GA4 bot filtering vs. server-side filtering comparison
Section titled “GA4 bot filtering vs. server-side filtering comparison”| Filtering Layer | Where | Affects GA4 Reports | Affects Ad Platforms | Maintenance |
|---|---|---|---|---|
| GA4 built-in | GA4 processing | Yes | No | None |
| sGTM UA filtering | sGTM template | Yes (if tag doesn’t fire) | Yes (if tag doesn’t fire) | Medium |
| sGTM IP filtering | sGTM template | Yes | Yes | High (maintain IP lists) |
| GA4 developer filter (Data Streams) | GA4 property | Yes | No | Low |
Use GA4’s developer filter for development/staging environments. Use GA4’s built-in bot filtering for known crawlers. Add sGTM filtering specifically to protect ad platform data from uptime monitors, internal traffic, and headless browser scraping.
Common mistakes
Section titled “Common mistakes”Setting the bot score threshold too low. A threshold of 40 will incorrectly classify curl-based integrations, mobile apps, and some legitimate monitoring tools. Start at 70, observe which events are filtered via Cloud Logging, and tune down only if clearly malicious traffic passes through.

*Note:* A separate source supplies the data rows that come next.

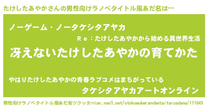 | 女子向けラノベタイトル風あだ名 | 『男装たけしたあやかの憂鬱な任務』 |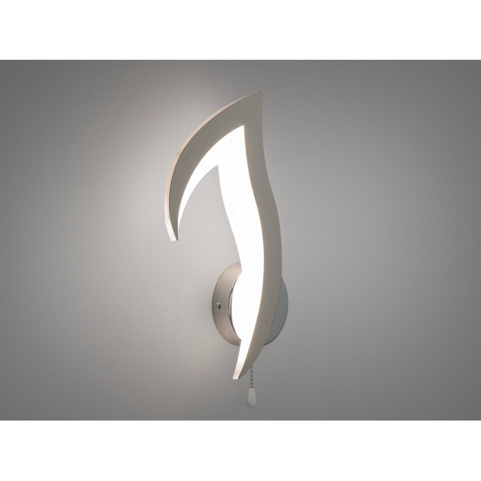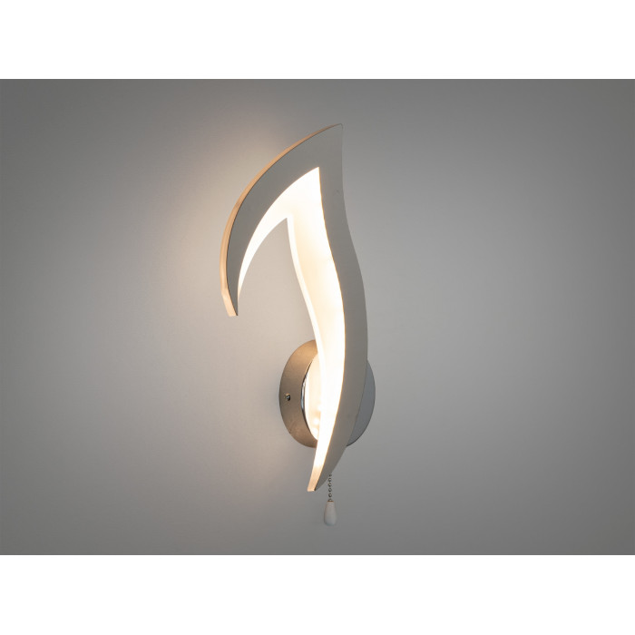 Дизайн світильника з акриловим розсіювачем, який елегантно вигинається та обрамляє світлодіодні елементи, додає пристрою оригінальності та сучасного вигляду. Нові плафони виготовлені з прозорого акрилу з декоративними бульбашками. Через прозорі акрилові плафони просвічує малюнок шпалер або декоративної штукатурки, при включенні бра відкидає на стіну унікальний ореол з відблисків та тіней. Інтегровані світлодіоди забезпечують ефективне освітлення з мінімальним споживанням енергії та тривалим терміном служби.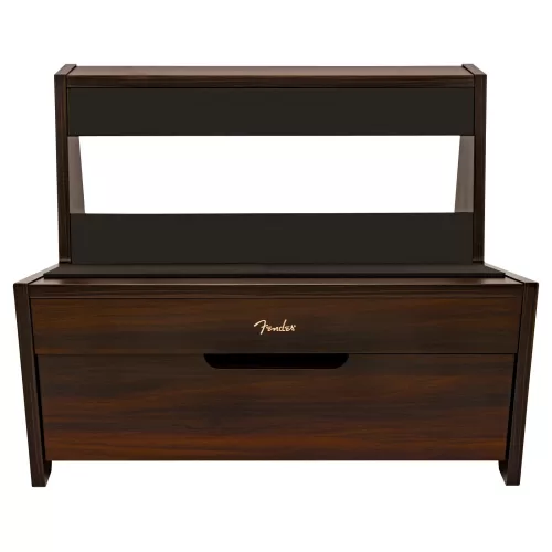 El soporte para amplifcador Fender Deluxe fabricado en madera se inspira en un diseño de mediados de siglo y es lo suficientemente resistente como para soportar el peso de los amplificadores combo de mayor tamaño. En su cajón integrado, los músicos pueden almacenar y tener perfectamente organizados sus principales accesorios, como por ejemplo los pedales de efectos, los cables o las fuentes de alimentación.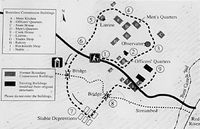 Fort Dufferin (1872-1875) - A Canadian Boundary Commission post established in 1872 as Camp Dufferin by the Canadian Royal Engineers in present day Emerson, Manitoba, Canada. Used by the North West Mounted Police (NWMP) in 1874 to stage their historic march west. Named for Lord Dufferin, then Governor-General of Canada. Abandoned by the military in 1875. HistoryEstablished in 1872 by Captain Donald R. Cameron, chief commissioner of the British North American Boundary Commission Survey as a base camp, winter headquarters and supply depot. The post was built with a single two-story frame officer’s quarters, three one-story buildings, a stable, a storehouse, a cookhouse, a bakery, a workshop, and a smith-shop. The camp was used mostly during the winters when the weather prevented the survey teams from being out in the field.
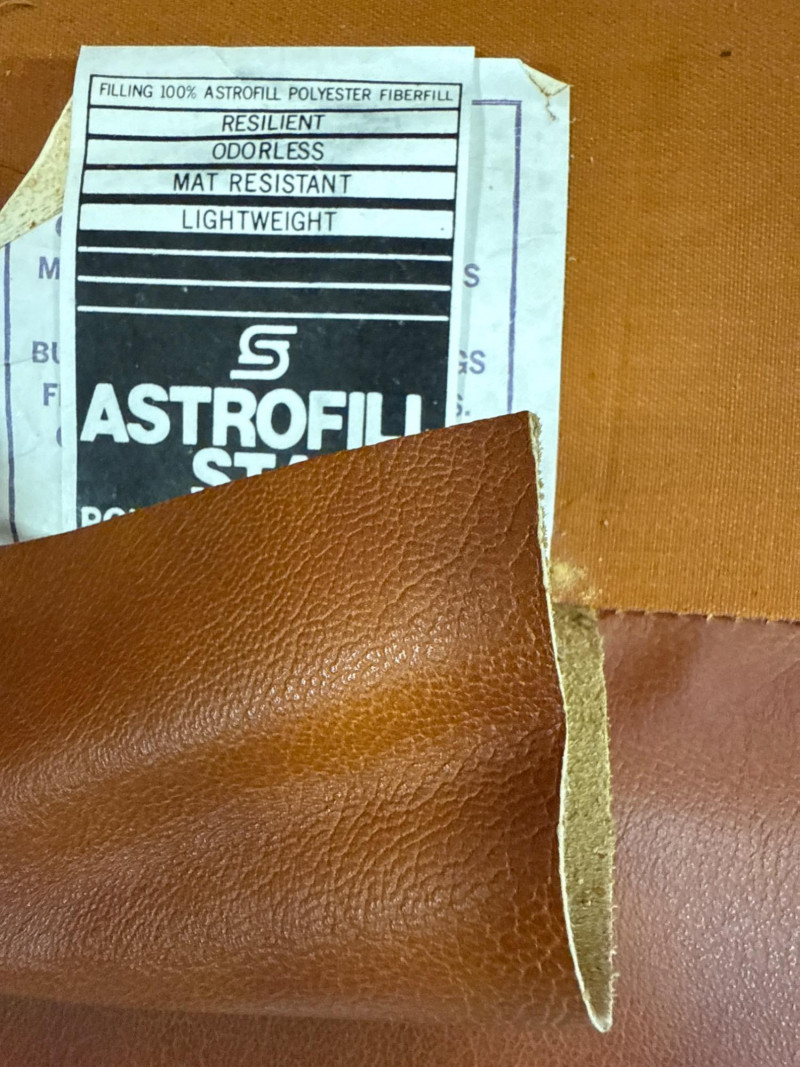 Vintage Schaefer Brothers Brown Leather Three-Seat Sofa A vintage three-seat sofa by Schaefer Brothers, upholstered in supple brown leather with button-tufted back and seat cushions. The design features straight square arms, low-profile wood feet, and removable cushions filled with Astrofill S.T.A. polyester fiberfill (labeled on underside). This piece reflects the mid-century modern to 1970s American design aesthetic, valued for its durability and timeless form. Maker Background:

Filtering bots from GA4 analytics without auditing the impact. If your site has 20% bot traffic and you suddenly filter it all, your GA4 users/sessions metric drops 20% on day one. Attribution models reset. Stakeholders panic. Before deploying GA4 filtering, quantify the bot traffic volume first and communicate the change.

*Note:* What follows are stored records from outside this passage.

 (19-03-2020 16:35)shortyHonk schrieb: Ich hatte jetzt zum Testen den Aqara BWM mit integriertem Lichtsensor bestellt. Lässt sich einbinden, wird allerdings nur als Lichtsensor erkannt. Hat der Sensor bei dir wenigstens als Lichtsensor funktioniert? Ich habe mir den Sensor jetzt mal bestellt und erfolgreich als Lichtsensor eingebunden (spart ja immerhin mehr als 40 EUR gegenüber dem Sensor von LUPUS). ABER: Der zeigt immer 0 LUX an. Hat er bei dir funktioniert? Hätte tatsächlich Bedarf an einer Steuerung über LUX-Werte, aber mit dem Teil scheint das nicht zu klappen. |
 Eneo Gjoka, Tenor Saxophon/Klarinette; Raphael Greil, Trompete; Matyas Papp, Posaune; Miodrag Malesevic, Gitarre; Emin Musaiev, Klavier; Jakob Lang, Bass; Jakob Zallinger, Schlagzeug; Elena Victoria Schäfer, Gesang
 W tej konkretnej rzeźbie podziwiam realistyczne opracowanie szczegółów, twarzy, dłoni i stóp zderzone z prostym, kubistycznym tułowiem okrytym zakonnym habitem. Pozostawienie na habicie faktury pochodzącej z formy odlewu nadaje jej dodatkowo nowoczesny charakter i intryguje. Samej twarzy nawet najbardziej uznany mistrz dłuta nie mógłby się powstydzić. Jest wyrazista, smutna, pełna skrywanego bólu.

Not logging filtered events. You need visibility into what was filtered to validate your rules are working correctly. Log every filtered event with the score and the User Agent that triggered the filter.
Filtering the health check endpoint. The /healthz endpoint receives requests from Cloud Run’s health check system, your own uptime monitor, and load balancers. These should not be processed by the container at all. Handle them in a dedicated client template that returns 200 immediately without calling runContainer.
Relying solely on User Agent matching. Sophisticated scrapers set realistic browser User Agents. UA matching alone will not catch them. Combine with header analysis and, for high-value filtering (before sending expensive Conversion API calls), consider a CAPTCHA challenge or IP intelligence service.